# Happy New Year!



## fracturedcircle (May 31, 2010)

Happy 2011 to humans and hedgies alike!










i *really* enjoy being part of this community. i was so reluctant to join at first because i had negative or blah experiences with forums and "communities" in general, but little did i know!


----------



## I<3Hejji (Aug 29, 2010)

That photo cracks me up! I love seeing hedgies smiling with teeth! Too cute! Happy New Year


----------



## Mary (Jul 9, 2010)

fracturedcircle said:


> Happy 2011 to humans and hedgies alike!


TEETH!!!!!!! When can I have him????<3
Happy New Years everyone!


----------



## Hedgieonboard (Nov 15, 2009)

Happy New Year! To peace, happiness and prosperity for the new year


----------



## LarryT (May 12, 2009)

Happy New Year!


----------



## Alastrina (Sep 18, 2009)

What a sweet card! I also love hedgie teeth ^_^

Happy New Year to those near and far, may you find happiness and friendship wherever you are!

~Katie


----------



## shetland (Sep 2, 2008)

I'm so sad. I can't imagine a happy new year without my Skeeter.


----------



## susanaproenca (Aug 14, 2010)

Happy New Year everybody!!


----------



## abrowndog (Nov 26, 2010)

Happy New Year to all of you!


----------



## ThePliny (Jun 3, 2010)

Happy New Year from Pliny and I. Cheers!


----------



## hercsmom (Jul 6, 2010)

shetland said:


> I'm so sad. I can't imagine a happy new year without my Skeeter.


*hugs* Skeeter would want you to have a happy new year, I hope you do too.

Happy new year everyone!


----------



## Olympia (Aug 4, 2010)

Happy New Year everyone, from Clémentine, Zoé and me.


----------



## K_Sora (Dec 26, 2010)

Happy New Year everyone ^^


----------



## fracturedcircle (May 31, 2010)

i am just so happy that Lancik is still with us!


----------



## MoonbeamHH (May 3, 2010)

Happy New Year! I just pretty much slept through midnight.
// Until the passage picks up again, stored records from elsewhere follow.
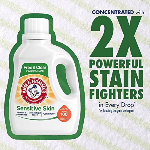 POWERFUL CLEAN THAT’S GENTLE ON SKIN. As a sensitive skin liquid laundry detergent with no dyes and no perfumes, ARM & HAMMER Sensitive Free & Clear is still tough on odors, dirt, and stains. This free & gentle laundry liquid gives you a fresh clean you can count on without dyes and fragrances that impact people with sensitive skin who need a hypoallergenic washing detergent
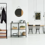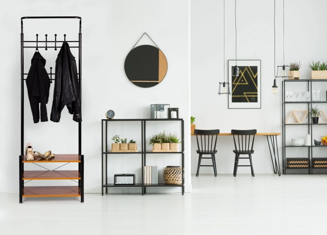La construction métallique à quatre pieds garantit la stabilité même sous une forte charge. Le design moderne et universel du portemanteau convient à tous les intérieurs, et grâce aux capuchons de protection, le sol est protégé contre les rayures.
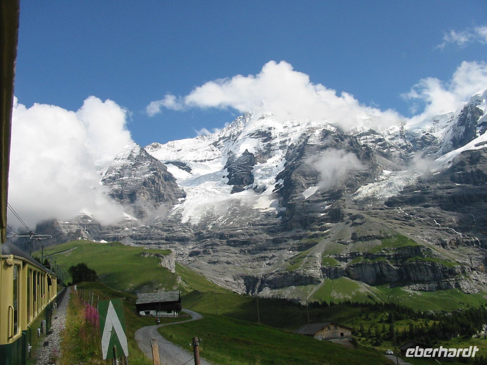 Die Jungfraubahn ist eine Zahnradbahn, die von der Kleinen Scheidegg durch Eiger und Mönch bis aufs Jungfraujoch führt. Sie überwindet dabei auf einer Länge von rund 9 Kilometer fast 1400 Höhenmeter. Etwas mehr als 7 Kilometer der Strecke liegen im Tunnel. Eine Fahrt dauert rund 50 Minuten. Aus Sicherheitsgründen verläuft ein großer Teil der Strecke im Fels. Bei den Zwischenstationen Eigerwand und Eismeer hielt der Zug fünf Minuten lang. Große Aussichtsfenster boten bereits ein unvergleichliches Panorama. Die Station Jungfraujoch ist die höchstgelegene Bahnstation Europas (Top of Europe).
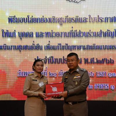 นายกไพเจน รับมอบโล่ยกย่องเชิดชูเกียรติ และใบประกาศเกียรติคุณ บุคคลและหน่วยงาน ที่มีผลการปฏิบัติงานดีเด่น “โครงการดำเนินงานชุมชนยั่งยืน เพื่อแก้ปัญหายาเสพติดแบบครบวงจรตามยุทธศาสตร์ชาติ ประจำปีงบประมาณ พ.ศ. 2566”
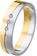 ALIANZA ORO BICOLOR MATRIMONIO MATIZADA Y PULIDA CON LINEA CRUZADA PERFIL PLANO
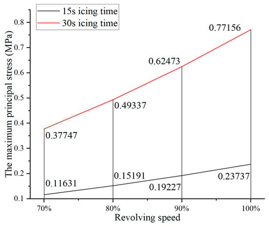 The maximum principal stresses of the ice shapes at various rotational speeds were numerically averaged to obtain the data shown in Figure 14. The results clearly indicate that the average maximum principal stress within the ice layer on the blade increases with the rotor speed. This trend highlights the critical impact of the operational speed on the structural integrity of the ice accumulation, suggesting that higher rotational speeds exacerbate the internal stress levels within the ice layer.
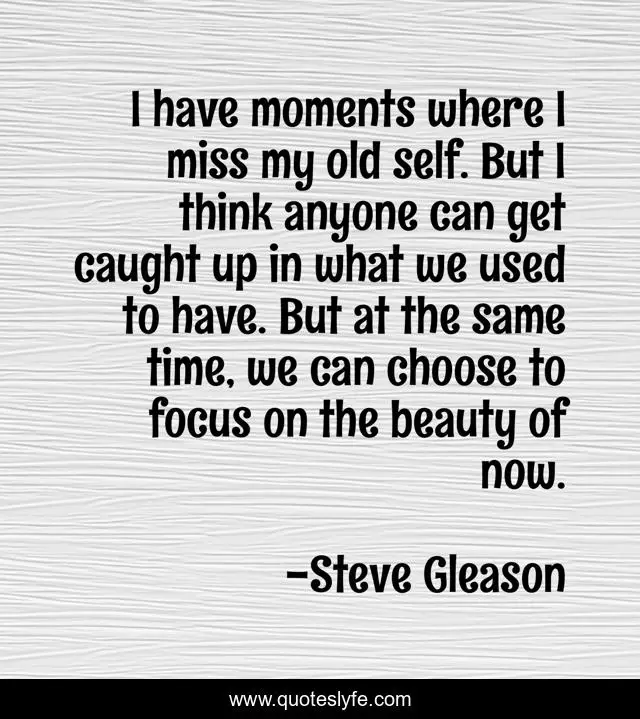 This page presents the quote "I have moments where I miss my old self. But I think anyone can get caught up in what we used to have. But at the same time, we can choose to focus on the beauty of now.". Author of this quote is Steve Gleason. This quote is about self, focus, beauty,.
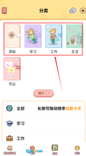 3、进入分类页面后,你可以添加学习、工作、生活等各类需要记录的事项。
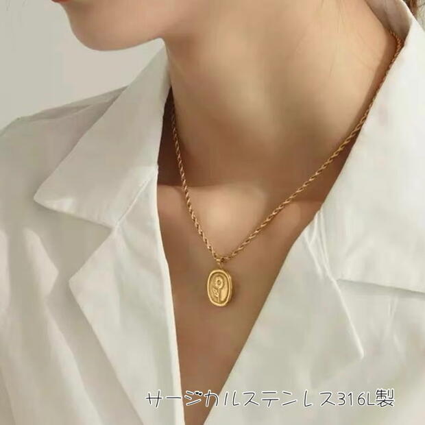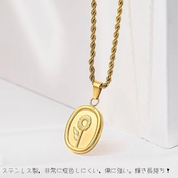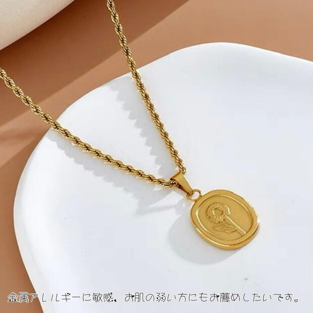 サージカルステンレス ネックレス ペンダント 金属アレルギー対応 向日葵タグ ひまわり プレートネックレス ステンレス チェーン ロープチェーン 2mm幅 金属アレルギー 金アレ対応 k18 コーティング ゴールド カジュアル かわいい おしゃれ クリスマス 誕生日 プレゼント 新作
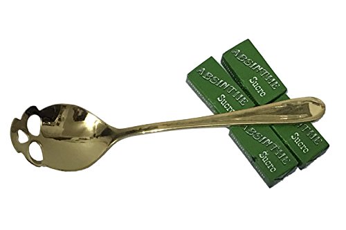 - Set Includes 1 Yellow Gold Colored Tea Spoon and 4 Packs of Absinthe Sugar Cubes (8 Cubes)
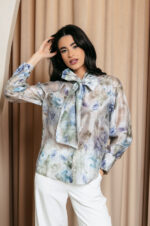 Πουκάμισο floral γαλάζιο. Διαθέτει στρογγυλή λαιμόκοψη που δένει μπροστά, μακριά μανίκια με μανσέτα και κουμπιά. Κλείνει με κουμπιά από πάνω μέχρι κάτω. Ένα πουκάμισο σιθρού, άνετο και εντυπωσιακό για βραδινές εμφανίσεις.
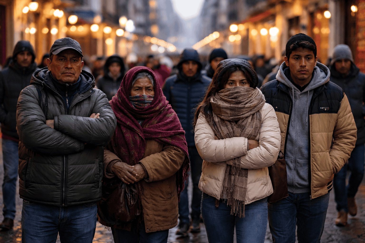Personas con expresión seria en calle concurrida de noche, mostrando resiliencia y comunidad en contexto urbano.
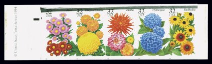 1071 nhBP 2997b image#2997b, 32c Garden Flowers, booklet pane of five, imperforate, error pane still in the original booklet, with usual booklet fold and rejection mark at top, o.g., n.h., very fine; an extremely rare booklet pane error, with perhaps only one other in existence. (Image) Est. 4,000-5,000

BUT I had a wonderful sleep. :lol:


----------



## MissC (Nov 15, 2010)

Skeeter will always be with you.  
And hercsmom is right: He'd be telling you to enjoy your New Year ('course it would sound more like huff...puff...snort...snort...huffffffff...PUFF!!!).


----------



## fracturedcircle (May 31, 2010)

MissC said:


> Skeeter will always be with you.
> And hercsmom is right: He'd be telling you to enjoy your New Year ('course it would sound more like huff...puff...snort...snort...huffffffff...PUFF!!!).


Skeeter was a dog.


----------



## MissC (Nov 15, 2010)

fracturedcircle said:


> MissC said:
> 
> 
> > Skeeter will always be with you.
> ...


oooops...my bad...in that case, skeeter would be saying....woof...ruff...snort...huff...WOOF!!


----------



## tie-dye hedgie (Dec 19, 2009)

Hope everyone had a safe and happy new year.


----------